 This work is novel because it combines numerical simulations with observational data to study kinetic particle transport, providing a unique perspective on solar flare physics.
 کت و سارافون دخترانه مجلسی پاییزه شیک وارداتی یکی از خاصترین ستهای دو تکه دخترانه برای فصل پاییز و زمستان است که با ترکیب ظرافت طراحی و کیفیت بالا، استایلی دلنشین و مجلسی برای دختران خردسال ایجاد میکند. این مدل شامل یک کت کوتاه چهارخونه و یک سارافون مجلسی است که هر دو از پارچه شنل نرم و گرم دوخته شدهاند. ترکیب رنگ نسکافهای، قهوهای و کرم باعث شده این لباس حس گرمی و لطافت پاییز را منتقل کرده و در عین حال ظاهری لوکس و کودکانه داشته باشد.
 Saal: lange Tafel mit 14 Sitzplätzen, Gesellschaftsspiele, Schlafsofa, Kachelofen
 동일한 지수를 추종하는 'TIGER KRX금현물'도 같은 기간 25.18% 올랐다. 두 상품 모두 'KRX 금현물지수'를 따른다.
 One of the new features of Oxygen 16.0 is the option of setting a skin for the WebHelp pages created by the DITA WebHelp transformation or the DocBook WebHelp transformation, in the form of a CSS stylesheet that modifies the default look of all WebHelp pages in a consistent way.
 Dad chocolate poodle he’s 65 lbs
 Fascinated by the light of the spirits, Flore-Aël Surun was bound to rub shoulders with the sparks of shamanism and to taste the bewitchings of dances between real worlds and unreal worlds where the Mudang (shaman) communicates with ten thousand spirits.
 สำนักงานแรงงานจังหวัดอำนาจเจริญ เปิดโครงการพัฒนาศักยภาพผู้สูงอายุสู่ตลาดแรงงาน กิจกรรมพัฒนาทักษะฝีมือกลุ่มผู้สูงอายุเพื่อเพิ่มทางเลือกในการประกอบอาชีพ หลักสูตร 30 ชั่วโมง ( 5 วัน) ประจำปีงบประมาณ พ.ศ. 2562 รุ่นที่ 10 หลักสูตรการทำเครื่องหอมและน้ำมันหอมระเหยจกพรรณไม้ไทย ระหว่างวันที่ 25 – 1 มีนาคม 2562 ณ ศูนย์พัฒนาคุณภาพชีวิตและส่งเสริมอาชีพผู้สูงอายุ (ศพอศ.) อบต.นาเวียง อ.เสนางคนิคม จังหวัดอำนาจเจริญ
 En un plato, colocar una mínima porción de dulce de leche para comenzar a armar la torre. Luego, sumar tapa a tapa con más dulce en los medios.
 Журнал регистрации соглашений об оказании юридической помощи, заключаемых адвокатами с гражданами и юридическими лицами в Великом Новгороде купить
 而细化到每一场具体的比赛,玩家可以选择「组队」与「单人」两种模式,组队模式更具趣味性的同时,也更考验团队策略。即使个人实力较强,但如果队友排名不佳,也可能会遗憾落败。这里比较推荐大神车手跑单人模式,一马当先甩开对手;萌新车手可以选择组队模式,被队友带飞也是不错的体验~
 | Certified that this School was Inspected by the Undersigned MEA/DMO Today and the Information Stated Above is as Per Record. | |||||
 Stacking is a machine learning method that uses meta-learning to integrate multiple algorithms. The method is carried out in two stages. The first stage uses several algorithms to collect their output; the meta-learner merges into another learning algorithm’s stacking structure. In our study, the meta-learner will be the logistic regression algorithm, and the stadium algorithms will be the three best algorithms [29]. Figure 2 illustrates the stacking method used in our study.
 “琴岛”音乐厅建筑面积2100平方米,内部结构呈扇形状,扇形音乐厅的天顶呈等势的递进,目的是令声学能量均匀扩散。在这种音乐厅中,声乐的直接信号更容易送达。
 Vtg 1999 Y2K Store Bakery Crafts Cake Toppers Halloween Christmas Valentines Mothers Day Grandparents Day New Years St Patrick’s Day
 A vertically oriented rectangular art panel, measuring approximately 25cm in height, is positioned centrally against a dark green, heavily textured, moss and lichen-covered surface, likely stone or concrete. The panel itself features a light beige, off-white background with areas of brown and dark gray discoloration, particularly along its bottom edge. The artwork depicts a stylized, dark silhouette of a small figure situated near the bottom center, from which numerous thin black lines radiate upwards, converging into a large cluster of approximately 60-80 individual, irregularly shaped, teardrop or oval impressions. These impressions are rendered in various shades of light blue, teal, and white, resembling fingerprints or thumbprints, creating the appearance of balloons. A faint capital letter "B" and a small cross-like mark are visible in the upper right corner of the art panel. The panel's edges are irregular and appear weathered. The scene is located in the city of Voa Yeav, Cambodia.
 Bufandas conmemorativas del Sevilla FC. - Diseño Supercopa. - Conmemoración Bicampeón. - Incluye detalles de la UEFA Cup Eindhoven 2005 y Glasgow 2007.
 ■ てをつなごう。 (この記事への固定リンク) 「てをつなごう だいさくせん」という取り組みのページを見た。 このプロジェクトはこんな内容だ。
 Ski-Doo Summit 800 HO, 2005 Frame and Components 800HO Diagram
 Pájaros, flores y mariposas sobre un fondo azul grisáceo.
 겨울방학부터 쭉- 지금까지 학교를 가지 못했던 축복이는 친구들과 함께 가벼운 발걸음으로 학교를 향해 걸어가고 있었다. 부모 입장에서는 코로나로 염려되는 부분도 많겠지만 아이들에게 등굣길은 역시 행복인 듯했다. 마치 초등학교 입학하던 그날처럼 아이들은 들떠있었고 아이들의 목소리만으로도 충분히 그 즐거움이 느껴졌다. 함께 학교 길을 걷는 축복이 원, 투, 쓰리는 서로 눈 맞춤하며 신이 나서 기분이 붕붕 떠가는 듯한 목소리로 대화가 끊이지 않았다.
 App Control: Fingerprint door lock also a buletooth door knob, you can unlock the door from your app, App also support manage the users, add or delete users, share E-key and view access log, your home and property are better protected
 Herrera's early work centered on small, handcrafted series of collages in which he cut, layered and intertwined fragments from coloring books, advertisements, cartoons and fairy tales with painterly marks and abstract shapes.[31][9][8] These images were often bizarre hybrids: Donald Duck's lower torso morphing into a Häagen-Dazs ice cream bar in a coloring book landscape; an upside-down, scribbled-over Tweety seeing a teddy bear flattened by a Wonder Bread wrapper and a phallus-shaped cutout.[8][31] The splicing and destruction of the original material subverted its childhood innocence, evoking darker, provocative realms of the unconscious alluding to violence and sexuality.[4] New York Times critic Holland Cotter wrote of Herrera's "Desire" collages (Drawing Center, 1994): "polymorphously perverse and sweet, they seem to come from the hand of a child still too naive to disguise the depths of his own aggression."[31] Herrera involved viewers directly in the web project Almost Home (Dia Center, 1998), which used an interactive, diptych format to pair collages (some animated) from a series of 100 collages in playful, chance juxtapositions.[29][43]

● ● ● ● ●

Word for word, output the lines of the data from its first line through the line where "En un plato, colocar" appears, and stop there.

-- SOLUTION TO THIS TASK --
 This work is novel because it combines numerical simulations with observational data to study kinetic particle transport, providing a unique perspective on solar flare physics.
 کت و سارافون دخترانه مجلسی پاییزه شیک وارداتی یکی از خاصترین ستهای دو تکه دخترانه برای فصل پاییز و زمستان است که با ترکیب ظرافت طراحی و کیفیت بالا، استایلی دلنشین و مجلسی برای دختران خردسال ایجاد میکند. این مدل شامل یک کت کوتاه چهارخونه و یک سارافون مجلسی است که هر دو از پارچه شنل نرم و گرم دوخته شدهاند. ترکیب رنگ نسکافهای، قهوهای و کرم باعث شده این لباس حس گرمی و لطافت پاییز را منتقل کرده و در عین حال ظاهری لوکس و کودکانه داشته باشد.
 Saal: lange Tafel mit 14 Sitzplätzen, Gesellschaftsspiele, Schlafsofa, Kachelofen
 동일한 지수를 추종하는 'TIGER KRX금현물'도 같은 기간 25.18% 올랐다. 두 상품 모두 'KRX 금현물지수'를 따른다.
 One of the new features of Oxygen 16.0 is the option of setting a skin for the WebHelp pages created by the DITA WebHelp transformation or the DocBook WebHelp transformation, in the form of a CSS stylesheet that modifies the default look of all WebHelp pages in a consistent way.
 Dad chocolate poodle he’s 65 lbs
 Fascinated by the light of the spirits, Flore-Aël Surun was bound to rub shoulders with the sparks of shamanism and to taste the bewitchings of dances between real worlds and unreal worlds where the Mudang (shaman) communicates with ten thousand spirits.
 สำนักงานแรงงานจังหวัดอำนาจเจริญ เปิดโครงการพัฒนาศักยภาพผู้สูงอายุสู่ตลาดแรงงาน กิจกรรมพัฒนาทักษะฝีมือกลุ่มผู้สูงอายุเพื่อเพิ่มทางเลือกในการประกอบอาชีพ หลักสูตร 30 ชั่วโมง ( 5 วัน) ประจำปีงบประมาณ พ.ศ. 2562 รุ่นที่ 10 หลักสูตรการทำเครื่องหอมและน้ำมันหอมระเหยจกพรรณไม้ไทย ระหว่างวันที่ 25 – 1 มีนาคม 2562 ณ ศูนย์พัฒนาคุณภาพชีวิตและส่งเสริมอาชีพผู้สูงอายุ (ศพอศ.) อบต.นาเวียง อ.เสนางคนิคม จังหวัดอำนาจเจริญ
 En un plato, colocar una mínima porción de dulce de leche para comenzar a armar la torre. Luego, sumar tapa a tapa con más dulce en los medios.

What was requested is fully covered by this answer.